Results: Within our radiomics-based benchmark experiment, 60 ML pipeline variations were evaluated on clinical data and radiomics features from 491 patients. Descriptive analysis of the benchmark results showed a preference for RSF-based pipelines, especially for the combination of clinical data with radiomics features. This observation was supported by the quantitative analysis via a linear mixed model approach, computed to differentiate the effect of data sets and pipeline configurations on the resulting performance. This revealed the RSF pipelines to consistently perform similar or better than glmnet and xgboost. Further, for the RSF, there was no significantly better-performing pipeline composition regarding the sort of preprocessing or hyperparameter optimization.

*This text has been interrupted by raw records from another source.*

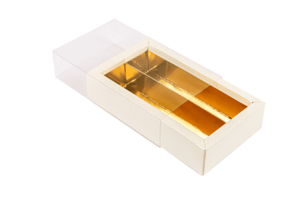 Caixa para Bombons Cartão Branca + Interior Dourado 14,5×7,5×3,5cm – Pastelaria
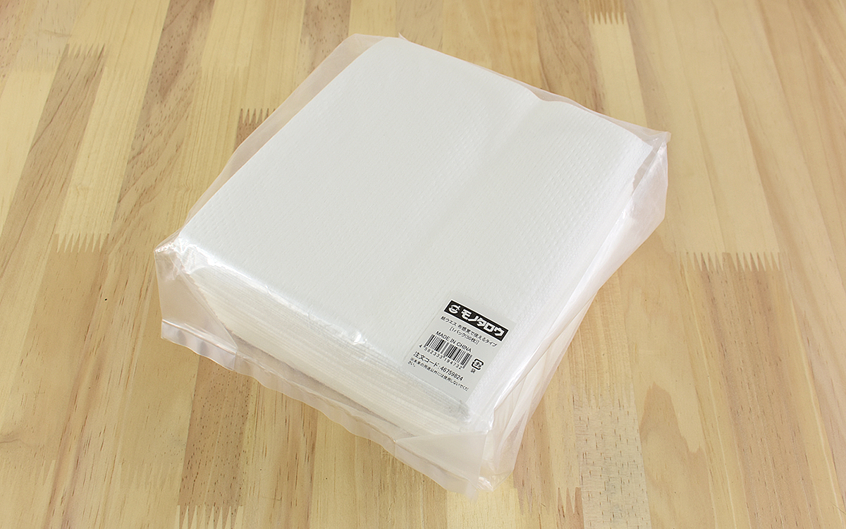 掃除や家事に欠かせないのが、雑巾やキッチンペーパーなどの汚れを拭き取るためのタオル類。雑巾は一度使うと汚れたものを繰り返し使用する必要がありますし、キッチンペーパーではゴシゴシと擦って汚れを落としたいときに心もとないですよね。衛生的で頑丈な雑巾がほしい…! そう思っていたときに見つけたのがモノタロウの「紙ウエス 布感覚で使えるタイプ」(604円/税込)です。
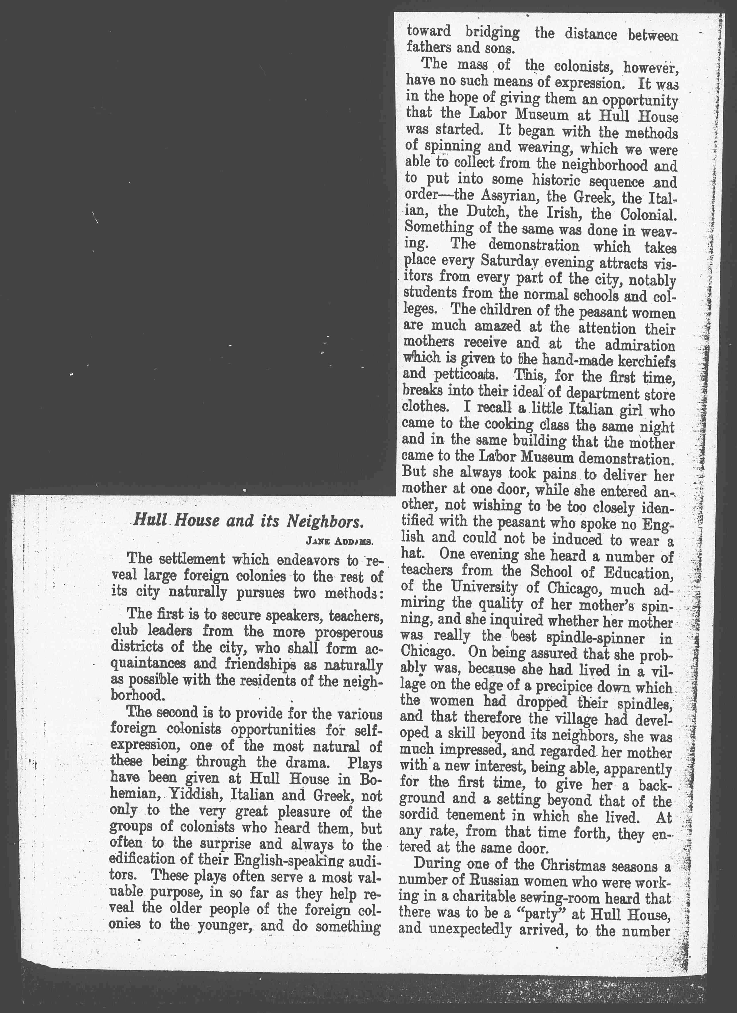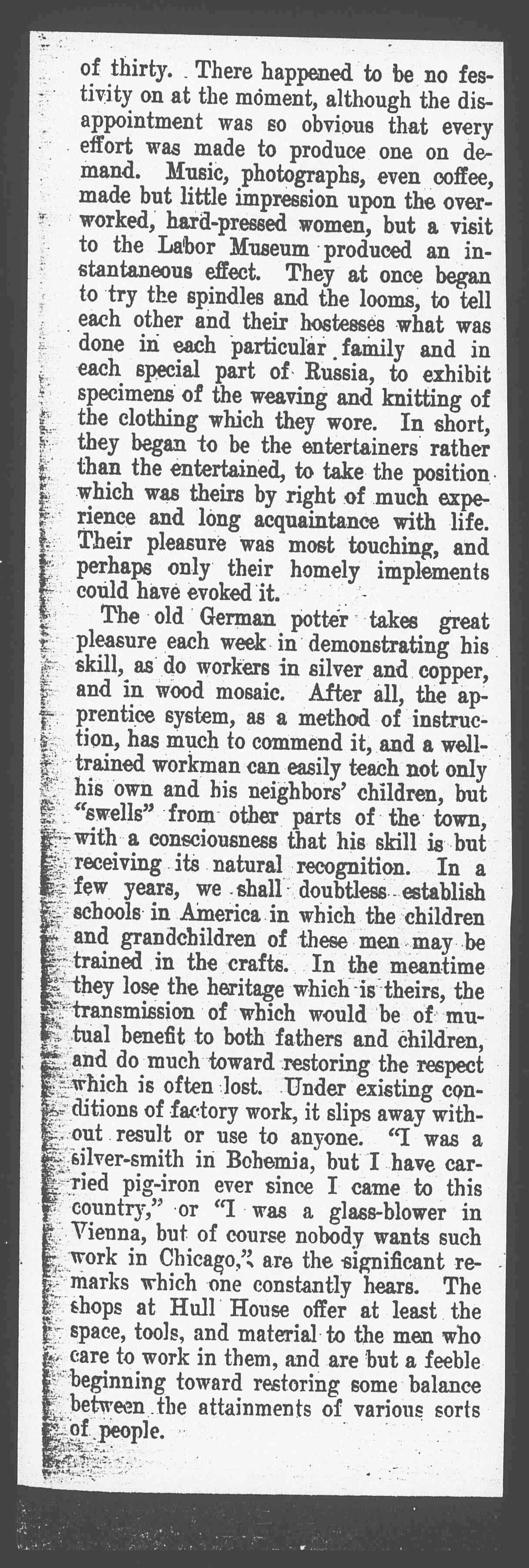 During one of the Christmas seasons a number of Russian women who were working in a charitable sewing-room heard that there was to be a "party" at Hull House, and unexpectedly arrived, to the number [page 2] of thirty. There happened to be no festivity on at the moment, although the disappointment was so obvious that every effort was made to produce one on demand. Music, photographs, even coffee, made but little impression upon the overworked, hard-pressed women, but a visit to the Labor Museum produced an instantaneous effect. They at once began to try the spindles and the looms, to tell each other and their hostesses what was done in each particular family and in each special part of Russia, to exhibit specimens of the weaving and knitting of the clothing which they wore. In short, they began to be the entertainers rather than the entertained, to take the position which was theirs by right of much experience and long acquaintance with life. Their pleasure was most touching, and perhaps only their homely implements could have evoked it.

Conclusions: Our study introduces a benchmark framework for radiomics-based survival analysis, aimed at identifying the optimal settings with respect to different radiomics data sources and various ML pipeline variations, including preprocessing techniques and learning algorithms. A suitable analysis tool for the benchmark results is provided via a mixed model approach, which showed for our study on patients with intrahepatic liver metastases, that radiomics features captured the patients' clinical situation in a manner comparable to the provided information solely from clinical parameters. However, we did not observe a relevant additional prognostic value obtained by these radiomics features.

FIGURE 1

Study flowchart. For 491 of the 530 patients, computed tomography (CT) imaging data were available for the study at hand.

FIGURE 2

A, Setup of the benchmark pipeline for the analysis of prognostic information in different (radiomics) feature sets regarding overall survival in patients with hepatic metastases due to colorectal cancer. The basis of the machine learning pipelines is given by the 3 algorithms—a random survival forest (RSF), a regularized generalized linear model (glmnet), and a gradient tree-boosting technique (xgboost)—combined with varying configurations of preprocessing (feature selection, principal component analysis yes/no) and tuning yes/no, evaluated with respect to the performance metric integrated Brier score (IBS). B, Detailed look into the tuning (k = 5)/performance (k = 10) loop for k-fold cross-validation (CV). Preprocessing steps in the pipeline construction and the corresponding learner development are based on the training folds, whereas model evaluation is based on the test fold.

FIGURE 3

A, Exemplary portal-venous CT image of a patient with metastases (green) in the liver (yellow) of colorectal cancer. B, Pearson correlation map of the first 100 radiomics features obtained from the (original/no-filter) liver CTs.

FIGURE 4

Benchmark results presented via the IBS (pointwise per CV fold; distribution by boxplots) per algorithm in grids of tuning and preprocessing (principal component analysis yes/no) configuration. Different colors mark the performance on each (radiomics) data set. Low IBS values indicate good performance and can especially be seen for the tuned RSF, with the best performance score marked via the dashed orange line. xgboost showed poor performance for its untuned version and is therefore presented on an adapted IBS scale.

FIGURE 5

Interaction-style plot with ◇ = estimated marginal means (EMMs) and ▍ = simultaneous confidence intervals (CIs) of the linear mixed model (LMM). This LMM models, the IBS of the benchmark results via the predictors data set and pipeline configuration, and their interaction, along with the training/test CV fold as random effect.